▶ INSTRUCTIONS TO FOLLOW:
The full set of lines below has to be duplicated exactly, with no picture kept.

▶ DATA BLOCK:
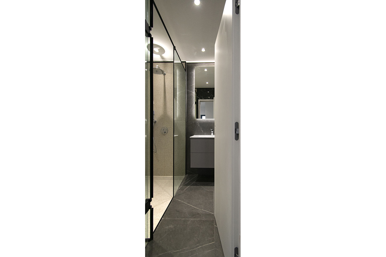 Le grandi vetrate panoramiche e la posizione elevata dell’appartamento consentono una vista ampia sulla città e garantiscono un’illuminazione naturale costante, che valorizza i materiali e i volumi degli interni.
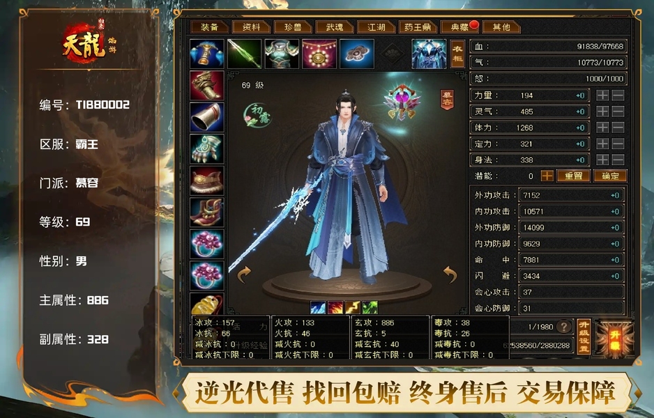【TIB80002】 | 慕容 | 等级:69 | 主属性:886 | 副属性:328 | 男 | 主玄攻
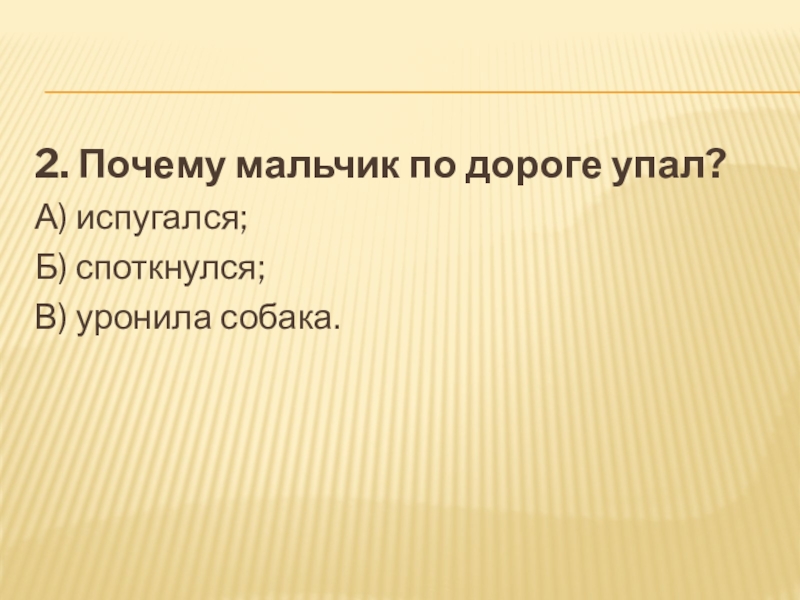 2. Почему мальчик по дороге упал?А) испугался;Б) споткнулся;В) уронила собака.
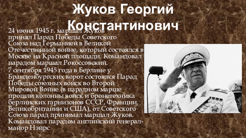 24 июня 1945 г. маршал Жуков принял Парад Победы Советского Союза над Германией в Великой Отечественной войне,

▶ RESPONSE TO THE EXERCISE:
 Le grandi vetrate panoramiche e la posizione elevata dell’appartamento consentono una vista ampia sulla città e garantiscono un’illuminazione naturale costante, che valorizza i materiali e i volumi degli interni.
【TIB80002】 | 慕容 | 等级:69 | 主属性:886 | 副属性:328 | 男 | 主玄攻
 2. Почему мальчик по дороге упал?А) испугался;Б) споткнулся;В) уронила собака.
 24 июня 1945 г. маршал Жуков принял Парад Победы Советского Союза над Германией в Великой Отечественной войне,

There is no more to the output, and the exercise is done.